Pensavo che si sarebbe arrabbiata, come fa ultimamente. Che avrebbe urlato gironzolando per tutta la casa in modo isterico. E invece me la ritrovo a fare una conversazione pacifica, calma e piena di comprensione.
- Grazie – dico con fare riconoscente.
- AH! Un’altra cosa. – aggiunge come se si fosse risvegliata da un piccolo sonnellino.
- Si? – mi esce quasi un soffio.
So che sta per dirmi qualcosa che a me non piacerà per niente.
Lo vedo dal suo ticchio alle mani, il suo continuo lisciare ciocche dei suoi capelli biondi.
- Richard mi aveva detto che ti avrebbe accompagnato personalmente, ma. . .- si ferma per rifletterci – ma lui, in qualità di preside non può lasciare la scuola e quindi ti accompagnerà suo figlio Rin. – mi zia è sbiancata perché sa benissimo che ero già contrariata all’idea di fare un viaggio, per di più con Richard.
E adesso mi viene a dire che mi accompagnerà  Rin? Quel Rin? Quello che rideva in modo sadico? Quello che è “morto”? Oh, si certo zia. Se sapessi la verità non mi lasceresti con lui.
- Ma non può Albert? – cerco di non battere sull’argomento Rin, altrimenti mi zia mi farà il quarto grado.
Lei di rimando storce il naso, come se avessi detto qualche bestemmia.
- Mia cara, Albert è un professore anche lui non può lasciare la scuola . . . ma perché vorresti lui? – mi chiese guardandomi intensamente.
Mi fissa e si avvicina al mio volto. Mi fissa come si fisserebbe della cioccolata.
Divento leggermente rossa in faccia e senza scompormi di un millimetro gli soffio in faccia la verità.
- Perché, appunto, essendo il mio professore lo conosco. . . di Rin non so nulla. – finisco con l’innervosirmi.
- Quindi mi stai dicendo che non è perché sei interessata a lui? – mi chiese avvicinandomi ulteriormente.

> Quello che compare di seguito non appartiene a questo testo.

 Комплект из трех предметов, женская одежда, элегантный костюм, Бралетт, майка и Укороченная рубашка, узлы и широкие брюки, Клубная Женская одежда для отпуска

- Lily, no! – dico spazientita.
- Sicura? – si lamentò dispiaciuta e delusa.
- Ma si può sapere che ti prende? – chiesi esasperata.

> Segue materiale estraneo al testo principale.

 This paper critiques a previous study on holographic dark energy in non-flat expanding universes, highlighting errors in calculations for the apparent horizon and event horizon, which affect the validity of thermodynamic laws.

- Niente . . . è che mi piacerebbe che la mia nipotina si trovasse finalmente un fidanzatino. Sai come, un giorno diverrò vecchietta e mi piacerebbe avere nipoti. E poi ultimamente ti stai aprendo con tutti, quindi se fai conoscenza con Rin non ti farà male. – disse con voce dapprima delusa per poi passare a euforica.
Io non la capisco, sul serio. Ma gli sembra che le cose succedono così per magia? E poi scusa, c-cosa ha detto? Nipotini?
“ Evee sei diventata sorda con la vecchiaia?”
- Zia, ok che adesso sto voltando pagina ma una cosa alla volta. Per i nipotini non se ne parla . . . perché non fai dei figli tu? - azzardo a dire ma poi mi pento di quello che ho detto.
Mi ero dimenticata che Lily non può avere figli. Lei è nata sterile. Mi ha sempre detto di voler dei bambini che gironzolavano per casa, che urlasse e la chiamassero mamma.
La vedo incupirsi.
Dio quanto mi spiace, non volevo . . .
- Lily scusami, non volevo. . – dico abbracciandola da dietro le spalle.
- Tranquilla non fa niente – disse.
 
---
 
 
 
Oggi dopo scuola andrò a casa, nella mia vera casa, nella mia villa. Andrò a darle una sistemata. Ne ho già parlato ieri sera con Lily e lei era entusiasta che io tornassi lì dopo anni.
Mi ha anche raccomandato che se non me la sentivo potevo farla venire con me, ma ho rifiutato. È una cosa che devo affrontare da sola. Se piangerò come una stupida non mi importa,  oggi riuscirò ad entrare nella mia vecchia casa, dargli una sistemata e magari uno di questi giorni ritornare a viverci.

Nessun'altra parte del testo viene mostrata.